Trips are expensive – Donahue saves money throughout the year. He is owner/business manager at Bethel Community Pet Hospital. Travel is exhausting.

“Thirty-six hours of travel to get there. So that was kind of tough. I left Saturday at 11 o'clock in the morning, didn't get checked into the hotel until 1:30 a.m. (Bulgaria time) Monday morning,” Donahue said. “I had two days to work out to get acclimated and then I wrestled on Wednesday and then I flew back on Saturday, got home on Sunday, so I had really two days to go sightseeing and hanging out watching other guys wrestle.”

It all paid off when Donahue won, 3-0 over Germany’s Michele Rauhut – his fifth match of the day.

“It was pretty phenomenal because … as the clock ticked down, the United States contingent up in the stands, they all went crazy,” Donahue said. “At the end of the match we shake hands and I went to my coaches in the corner and they gave me the flag to put around my shoulders and take a lap around the mat. That was pretty amazing.” Donahue said he knew he was winning – wrestlers tend to keep a running score in their head during matches, so strategically he knew to take less risk in the waning moments.

Donahue is a native of Belleair, Ohio, and a graduate of St. John’s Central High School. He was a two-time state qualifier in high school, placing third in 1989, and was a member of the school's state champion 4-by-800-meter relay team in 1991. During his senior season, injuries, including a separated shoulder suffered playing football, limited his effectiveness on the mat, and he just missed a third trip to state despite finishing the season 26-6.

He put his wrestling career on hiatus to pursue another sport at the University of Cincinnati.

“I was pretty much burnt out … done with the sport at that point. Baseball was always my first love so that's why I decided to come down and I try my hand at UC. Pitched there for about a year-and-a half, making the team as a preferred walk-on and then started running out of money. So had to get a job, get to work. So that kind of pushed baseball to the side.”

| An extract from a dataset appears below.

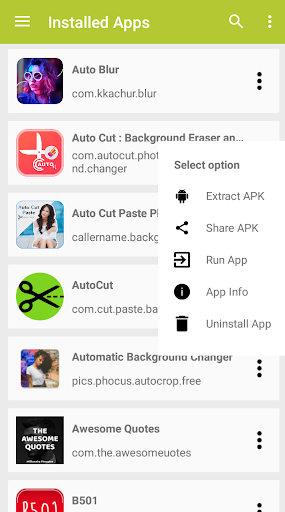 This application will extracts(share/create/generate) APK which is installed on android device and copy to SD card. And also show the list of APK available in your sdcard

He met his wife, Trinket, at UC – both majored in biology and pre-medicine. She is a veterinarian and graduate of Blanchester High School. In 2007, Donahue learned that Bethel-Tate needed a wrestling coach, and he returned to the sport, leading not only the Tigers, but also Ohio’s Junior National Team for five years.

During that time, he discovered that he could still hold his own against some of the top high school wrestlers, which reignited his competitive spark. He entered tournaments in England and the National Masters U.S. Open in Las Vegas in 2018, winning his weight class. A few current USA Veterans World Team members and coaches at the time then encouraged him to compete in the World Championships.

Winning is one goal, setting an example is another.

“The reason why I really got into this was to inspire my kids,” he said. Two of his daughters were state placers at Bethel-Tate. “But also the kids that I coach to show that the stuff that I preached to them works … basically to model the way from what they eat, their nutrition, and how much rest and hydration they get, to how you attack practices and the mindset you have to improve and … if you follow our lead, these are the type of results that you can get.”

Those types of shared experiences bind wrestlers, regardless of ability, age or nationality.

“I think everybody knows how hard this sport is and what it takes to commit to be good,” Donahue said. “I played a lot of different sports and wrestling was not my favorite growing up. But I think it's one that teaches you the most and I think it's the one that you have to commit to the most. It takes a ton of courage to step out on that mat by yourself and anyone, regardless of age, that puts their foot on that line deserves a lot of respect. I think that knowing what everybody else has to put into it, that kind of unites the wrestling community.”

CNE wrestlers should benefit from Donahue’s presence – and he from theirs, on the mat and off.

“I have a ton of respect for coach Wells and what he's done with the kids in his wrestling program, both on and off the mat. I know that he and I share the same coaching philosophy that our main job is to help develop the individual as a person and not just a wrestler.”